This week’s broadcast revisits the August 21st  killing of 88-year-old Delbert Belton in Spokane, Washington. Mr. Belton was a combat veteran of the Battle of Okinawa, back in WW2. He was beaten to death by two black teenagers in the parking lot of his pool club.

And who was at fault in this dreadful incident?  Well, first of all, we were:  you, me, and everybody else, though I guess mostly the inhabitants of Spokane.  That is according to Spokane Police Chief Frank Straub, as reported by the Los Angeles Times, August 26th. They quote Chief Straub as follows:

“One of these individuals was pretty much a standout basketball player—and because nobody wrapped their arms around him, nobody cared enough about him, he's now going to face murder and robbery charges.  And, probably, he's looking at the rest of his life being significantly affected—if not destroyed—by this.”

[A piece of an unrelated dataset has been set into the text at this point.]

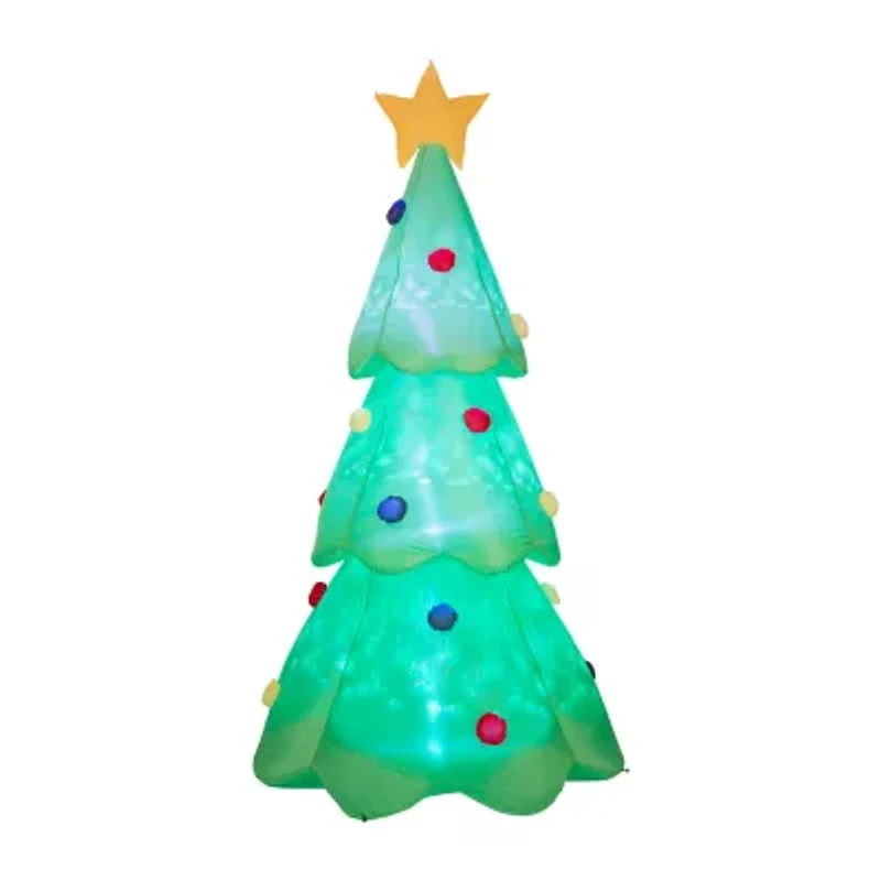 Deck the yard with this showstopping Inflatable Christmas tree featuring shiny metallic ornaments. Accented with a gold star, our inflatable tree makes a striking addition to your outdoor Christmas decorations. Setup is super simple. Just plug it in, stake it down and watch the magic unfold. Includes everything needed for easy outdoor setup.

End quote.  Poor little chap!  Doesn’t your heart go out?  And it’s our fault for not having wrapped our arms around him!  As the great Dr. Heinz Kiosk used to say: “We are all guilty!”

Some of us are more guilty than others, though.  Chief Straub singles out one person for particular blame: Delbert Belton.  Quote from the Chief:

“Our information is that the individual fought back—and that may have made this a worse situation.”

I wonder if Mr. Belton having fought back against the Imperial Japanese forces on Okinawa made that a worse situation?  Whaddya think, Chief Straub, over there on the West Coast?  Or would you prefer the question in Japanese?

Just reading over that again, my eye stopped on the phrase “significantly affected.”  I can’t quite pin down why, but somehow the entire current state of Western Civilization is encapsulated in that weasel phrase “significantly affected.”

I only wish the lives of these two perps could be as significantly affected by the criminal justice system as Mr. Belton’s life was by his encounter with them

And shame, shame, shame on the people of Spokane for having themselves a sniveling invertebrate like Frank Straub in charge of their city’s law enforcement.